Born and raised in Ahmedabad (Gujarat), India, Shweta is the first female vocalist to represent the state of Gujarat on an international level in the field of vocal Classical Indian music. At the age of 6, she began training under the guidance of the late Pandit Vilasrao Khandekar and for eight years performed and studied with the world renowned vocalist, Pandit Jasraj. She holds a bachelors degree in Literature and a masters in Music Composition.

In 1985, at the age of nineteen, Shweta made her debut outside of India traveling to Great Britain and the United States. She has since become a frequently invited artist to the United States and Canada where she performs annually. In addition to her popularity among North American audiences, Shweta has also developed a strong musical following in Europe, Asia and the Middle East.


Shweta was the 1991 recipient of the prestigious Netragaonkar award from Pune. She is also the first Indian classical vocalist to publicly perform with westerners and musicians outside of the Indian classical tradition. In India she has also performed on film and television soundtracks. She has three albums of classical music to her name including 1995's stunning In Various Moods. For her latest recording, Shweta teamed up with producer Lee Townsend for a non-traditional recording project. Anahita is "East meets West" at it's uncontrived best. The album features six of Shweta's original compositions and with a band of San Francisco's finest, including Will Bernard (guitar), Jenny Scheinman (violin), Bill Douglass (bass) and Jim Kassis (drums & percussion).

Anahita has been described as "Beyond beautiful.... creative music making of the highest order, not so much crossing musical and cultural borders as blurring them altogether." (Billboard)

 

LOS ANGELES TIMES
Jhaveri Concert a Tapestry of Global Sound World Music
Monday, September 24, 2001
Review By Don Heckman

Indian singer Shweta Jhaveri's concert at the Skirball Center on Friday was an impressive transformation of the concept of world music fusion. There have been plenty of shotgun marriages between Indian classical music and American pop and jazz in the past, but Jhaveri opted instead for a musical love affair, for a coming together without precondition.

The program was largely devoted to selections from Jhaveri's new album, "Anahita," performed with the same musical associates: Jenny Scheinman, violin, Will Bernard, guitar, Bill Douglass, bass, and Jim Kassis, drums.
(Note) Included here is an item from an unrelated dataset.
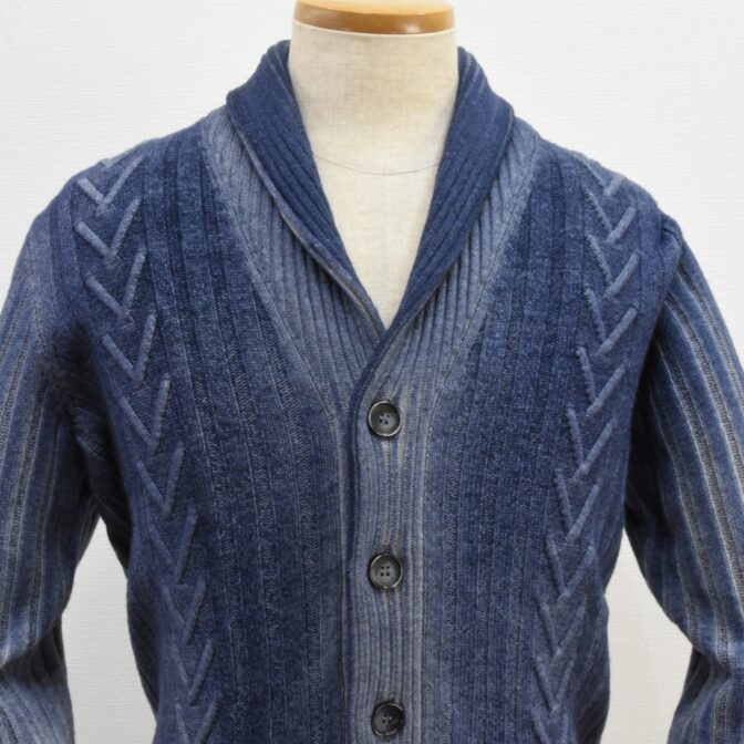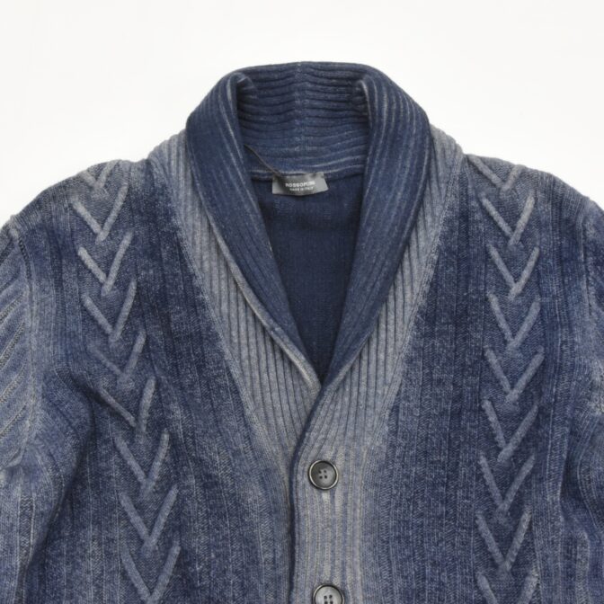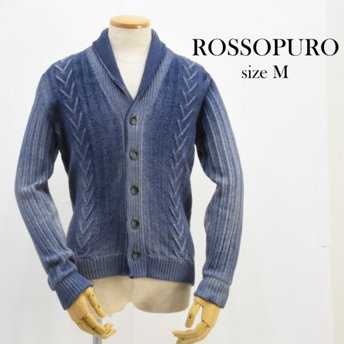 ◇ROSSOPURO◇ウールカシミアショールカラーカーディガン◇サイズ50◇ブルー系◇イタリア製◇

The pieces, all originals were largely in the khayal style - somewhat lighter and more romantic than the more austere dhrupad.
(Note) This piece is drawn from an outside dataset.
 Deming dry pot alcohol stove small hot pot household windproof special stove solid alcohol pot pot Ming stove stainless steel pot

However, by including what was essentially a Western ensemble, accompanying for the most part in groove-tinged 4/4 rather than the more complex Indian talas, or rhythm sequences, the music emerged as a seamless tapestry.

Above it, floating with extraordinary ease, Jhaveri's brilliant vocalizing was a mesmerizing musical presence. She opened up her virtuosity in the program's second half, her precise musical lines escalating through a maze of melismas.

Scheinman's violin added long, sweeping counter melodies, while Bernard, Douglass and Kassis provided buoyant support via rhythm energized by the propulsive feeling of jazz swing.